Experimént

[220] Experimént (lat.), »Erforschungsversuch«, ein Verfahren, durch das der Naturforscher das Verhalten von Körpern zueinander, eine Naturerscheinung zu ergründen versucht, indem er alle störenden Nebenumstände ausschließt, die bei der bloßen Beobachtung den wahren Vorgang oft verhüllen oder modifizieren. Das E. ist eine Frage, die der Naturforscher der Natur vorlegt, und die, richtig gestellt, stets richtig beantwortet wird. Die alten Philosophen kannten das E. nicht, deshalb blieben auch ihre Kenntnisse der Naturerscheinungen trotz des Aufwandes von vielem Scharfsinn höchst mangelhaft. Erst Bacon von Verulam wies der Naturforschung die richtigen Bahnen, indem er das E. und die sogen. exakte Methode der Forschung im Gegensatz zu der philosophierenden Grübelei in den Vordergrund stellte. Die großartigen Fortschritte, welche die Naturwissenschaft in der neuern Zeit gemacht hat, verdankt sie wesentlich der Anwendung des Experiments, und so werden denn auch gegenwärtig alle Disziplinen, die das E. fordern (Physik, Chemie, Physiologie, Geologie), mit Vorführung von Experimenten gelehrt, um die Wirkungen der Naturkräfte dem Zuhörer unmittelbar vorzuführen. In solchem Sinn spricht man von Experimentalwissenschaften (Experimentalchemie, Experimentalphysik, Experimentalphysiologie, Experimentalgeologie).
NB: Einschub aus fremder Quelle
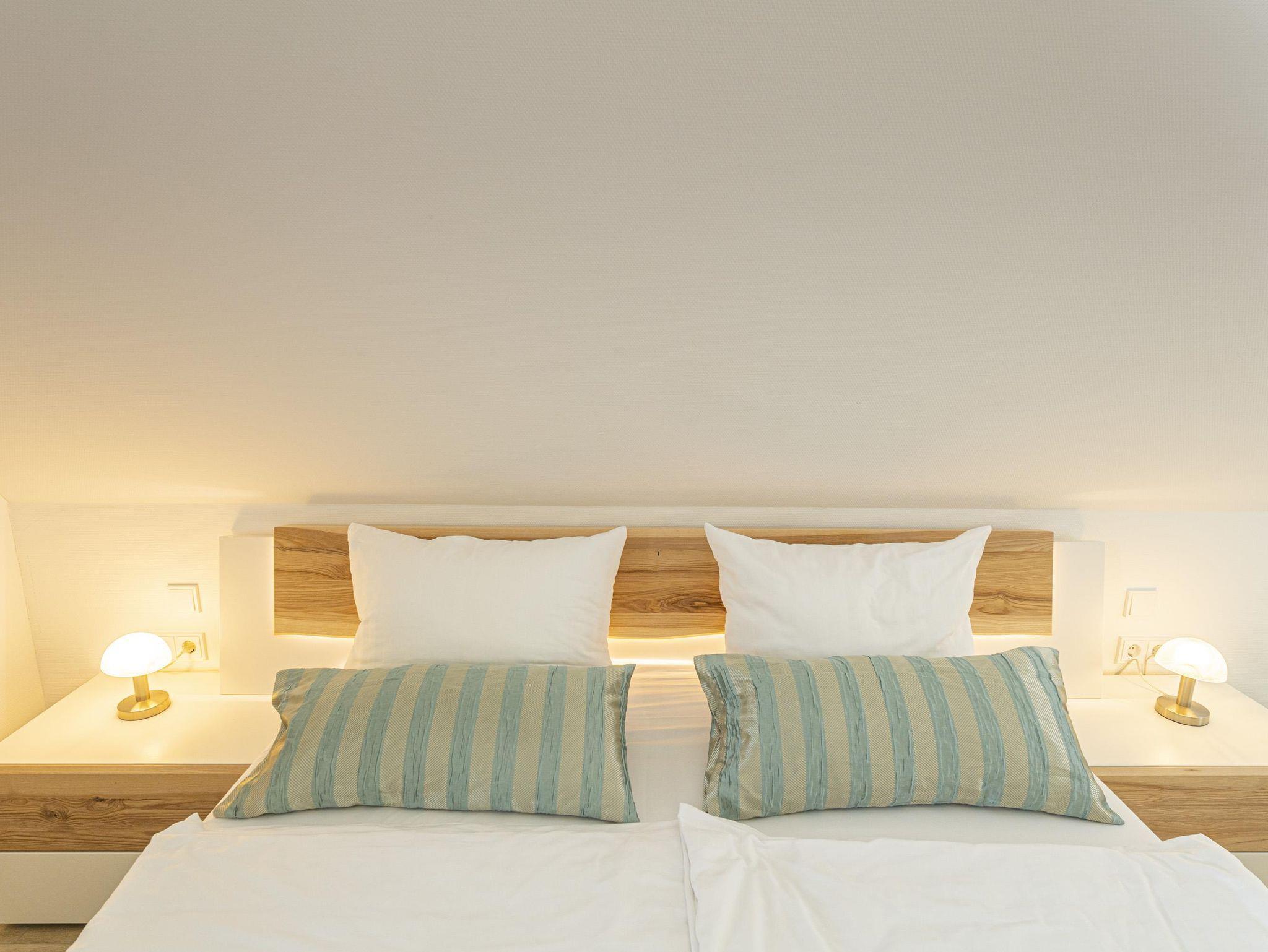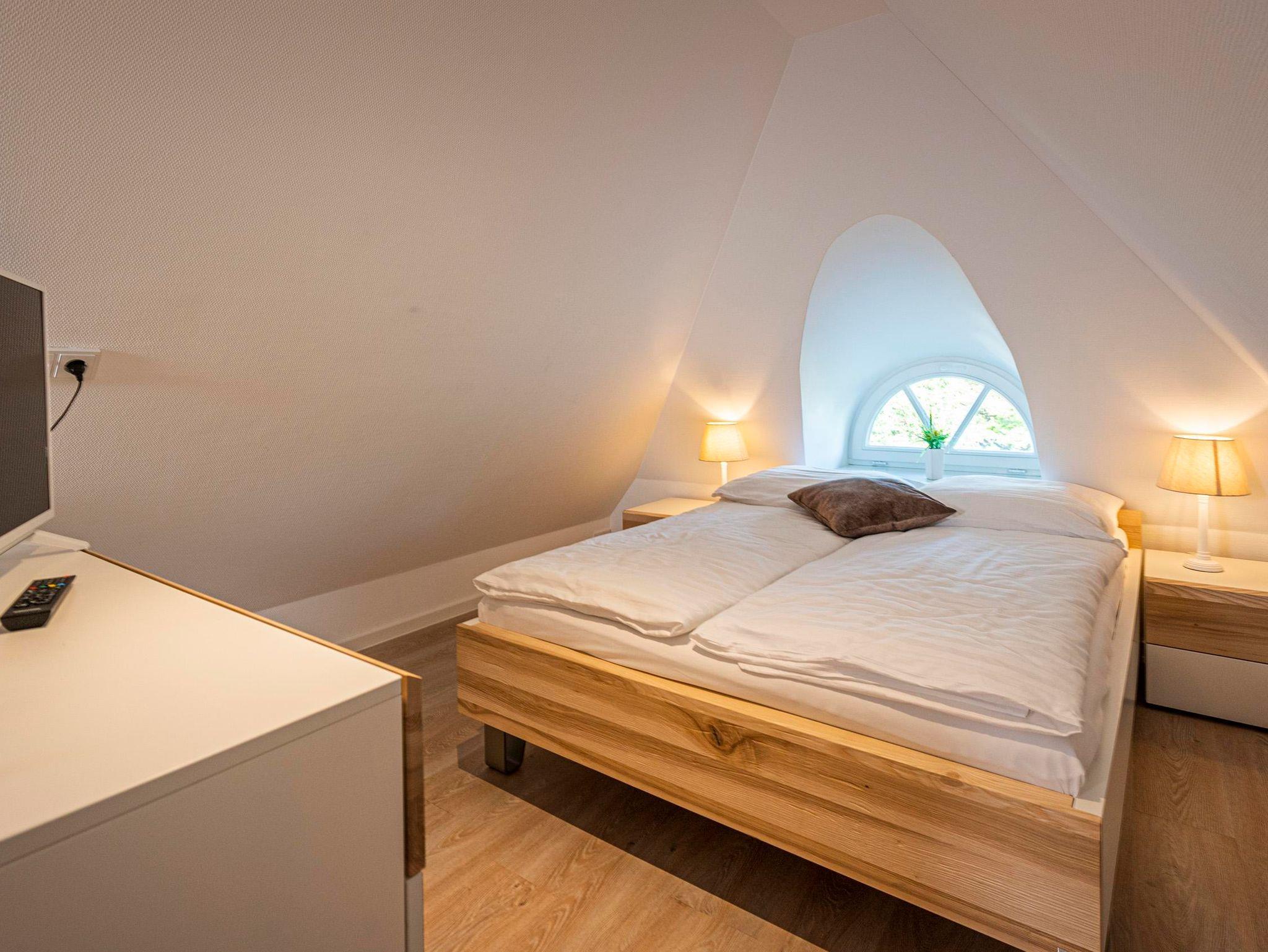 Im Dachgeschoss des KOELLER Hus befindet sich ein weiteres Doppelbett romantisch unter dem Giebel gelegen. Außerdem findet sich hier unter dem Dach ein weiterer kleiner Aufenthaltsbereich zum Sitzen, Spielen und Entspannen, sodass wirklich jeder in diesem Haus einen ganz eigenen Wohlfühlort finden kann und man auch mit acht Personen genug Freiraum findet.

Anleitungen zur Ausführung von Experimenten zur Selbstbelehrung und beim Unterricht geben unter andern: Frick, Physikalische Technik (6. Aufl., Braunschw. 1890–95, 2 Bde.); Heumann, Anleitung zum Experimentieren bei Vorlesungen (3. Aufl., das. 1904); Arendt, Technik der Experimentalchemie (3. Aufl., Leipz. 1900); Cyon, Methodik der physiologischen Experimente und Vivisektionen (Gießen 1876); Gscheidlen, Physiologische Methodik (Braunschw. 1879, unvollendet).

Quelle:
Meyers Großes Konversations-Lexikon, Band 6. Leipzig 1906, S. 220.